Uighurs searching for missing relatives protest in Ankara


Uighurs living in Turkey staged a sit-in outside the Chinese Embassy in Ankara on Wednesday, demanding to know the condition of their family members being held at forced labor camps in Xinjiang amid accusations of genocide directed at the Chinese government.

Last December, nearly 100 people gathered peacefully outside the Chinese Consulate in Istanbul in protest for 18 days. The protestors said they had not heard from their families since 2017.

Speaking to reporters on behalf of the protesters, Mirzahmet Ilyasoglu said: “There are files (requesting information) on at least 5,199 people we know of. We took these files to the Chinese consulates, but Chinese officials did not accept it.”

“We will not spare any opportunity to reveal China’s genocide against humanity,” he added.

He stated that they would continue their protest in front of the Chinese Embassy “until the detainees in the camps are released.”

Last month, a bipartisan commission from the U.S. Congress said that China had possibly committed “genocide” in its treatment of Uighurs and other minority Muslims in Xinjiang.

Many countries have accused China of systematically persecuting the minority, leveling charges of rape, dislocation and forced marriages among other human rights violations against Beijing. France, for example, said that it will oppose the proposed investment agreement between the European Union and China over the use of forced Uighur labor,

Additionally, Chinese technology giants have already developed tools that can detect, track and monitor Uighurs, in a move human rights groups fear could entrench the oppression of the Muslim minority.

Rabia Gül, a university student in Turkey on a Turkish scholarship, said she has not heard from her 52-year-old mother for three years.

She filed a request with the Chinese authorities demanding to know the whereabouts of her mother.

“After waiting for a year and a half, they said they could not help me because I had connections with terrorist organizations against China.

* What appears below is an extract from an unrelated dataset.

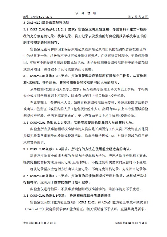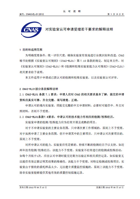 【轉(zhuǎn)】關(guān)于發(fā)布實(shí)施CNAS-EL-01_2012(對(duì)實(shí)驗(yàn)室認(rèn)可申請(qǐng)受理若干要求的解釋說明)的通知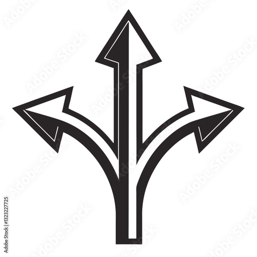 Black and white three-way directional arrow symbol, road sign icon for navigation, choice, decision-making, and multiple path directions

I applied to renew my passport, but they said I couldn’t get a passport,” she said.

Another protester, Medine Nazimi, who has Turkish citizenship, said she was worried for her 34-year-old sister Mevlude Hilal who has been missing for over two years.

Hilal was initially taken away by Chinese authorities in 2017 but released in 2019. Shortly after her release, she was arrested again, forced to leave behind her 2-year-old daughter and taken to the camps.

“Chinese authorities took my sister to the concentration camp in 2017, after the release in May 2019 they re-arrested her in June 2019 on the grounds that she had studied in Turkey,” Nazimi said.

“After stalling for months, the Chinese government directed me to request information from Turkey’s Beijing Embassy or the Chinese Consulate in Istanbul or Ankara Embassy. I have sent e-mails, went to the consulate and staged a sit-in for 17 days but still did not receive a reply,” she added.

Separately, Alimcan Turdiniyaz, who has at least six family members and a close-friend held at the Chinese camps, said: “As of today (Wednesday), we have started a sit-in protest for our families in front of the Chinese Embassy in Ankara. We will never give up this determined stance. We will not give up until our family and loved ones are free.”

China has been widely accused of forcing Uighurs into camps and there have been reports of forced sterilization of Uighur women.

Beijing’s policy in Xinjiang has drawn widespread criticism from rights groups including Amnesty International and Human Rights Watch, which accuse it of ostracizing the 12 million Uighurs in China, most of whom are Muslims.

The region is home to 10 million Uighurs. The Turkic Muslim group, which makes up around 45% of Xinjiang’s population, has long accused China’s authorities of cultural, religious and economic discrimination.

Up to 1 million people, or about 7% of the Muslim population in Xinjiang, have been incarcerated in an expanding network of “political re-education” camps, according to U.N. experts.

The camps have been linked to forced labor and mandatory sterilization.